Have been working the NAS hard for a few days… stability has improved a lot but when moving large amount of data into the machine is still somewhat unstable.

As I am migrating all my data from all sorts of portable drives into the server, I am often copying 100+GB at a time.  I can’t find any specific patterns yet, but it seems that while gani driver is hugely better than the default Realtek driver, it can still have stability issue.  Good thing is that gani driver never totally locks up.  I have yet need to reboot it to regain network connection.  However, I think while copying huge amount of data (unqualified at this time), gani Realtek driver can still become temporarily unresponsive.

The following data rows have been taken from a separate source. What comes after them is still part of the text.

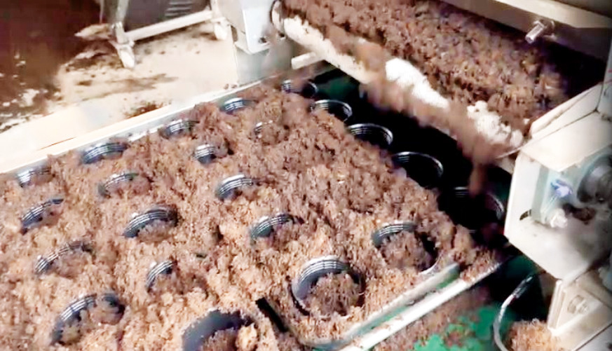 Sau khi hoàn thành công đoạn đục lỗ, công nhân sẽ thực hiện thao tác trồng cây con vào ly ở các khay được di chuyển ra ngoài. Toàn bộ hệ thống được hoạt động tự động theo nguyên lý khí nén, cơ học và chương trình phần mềm điện tử.
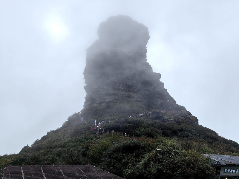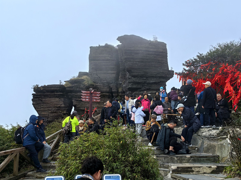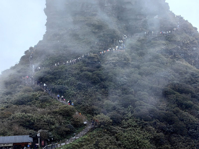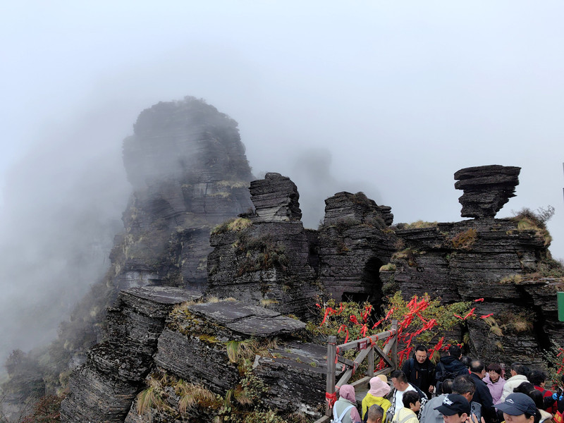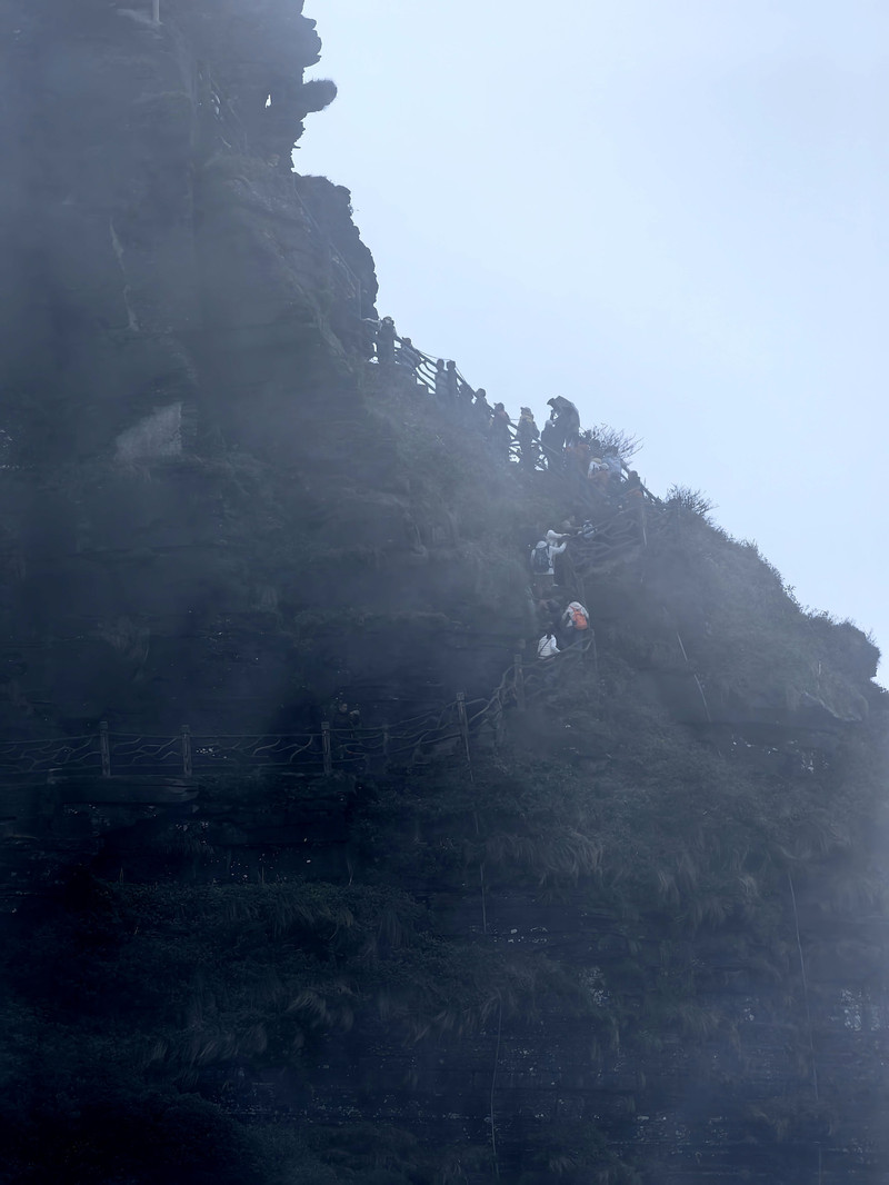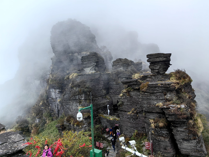从蘑菇石这里有两条路选择,右侧是老金顶,左侧下行路过承恩寺爬红云金顶。老金顶是梵净山的第二高峰,海拔2493米,古称“月镜山”。攀爬老金顶,先经过九皇洞,后走一段较陡台阶和狭窄的“一线天”,有的地方只容一人,手脚并用。因为山上云雾弥漫,根本看不清远处的老金顶和红云金顶。
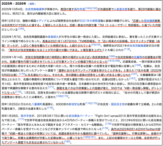 ※⑥)世界平和統一家庭連合と政界との関係(Wikipedia)
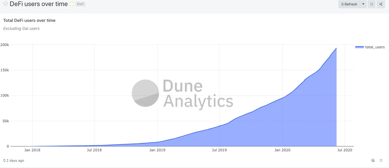 那么DeFi目前占据了多大的份额呢?1confirmation的Richard Chen使用Dune Analytics数据汇总了主要DeFi平台的累计用户,得出的结论是随着时间的推移,DeFi用户总数接近20万。
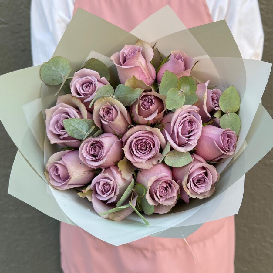 На фото букет из 15 фиолетовых роз. В составе: роза 15 шт, дизайнерская упаковка 1 шт, атласная лента 1 шт, . Все цветы свежие и ароматные, букет красиво оформлен и отлично подходит для подарка. Доступна доставка цветов или самовывоз.

In order to avoid having to recopy everything, I use Microsoft’s SyncToy 2.0 to verify if the directories are in sync.  I could have use Rsync, but most of my client machines are on Windows, so this looks to be the best free tool.  However, I found a strange behaviour with SyncToy 2.  If I am syncing large directory and it needs to copy a lot of data to the destination drive, if the target path becomes unresponsive, SyncToy would spit out the error that the target path is not found.  However, trying to rerun it, it would still spit out the same error, even though the network share is working just fine.

I think there is a bug in the way SyncToy maintains the ‘work file’ data (it saves some checksum I think in a file on the directory).

Maybe it is time to find another sync program…  Can’t wait for OpenSolaris’s ZFS dedupe functionality to arrive…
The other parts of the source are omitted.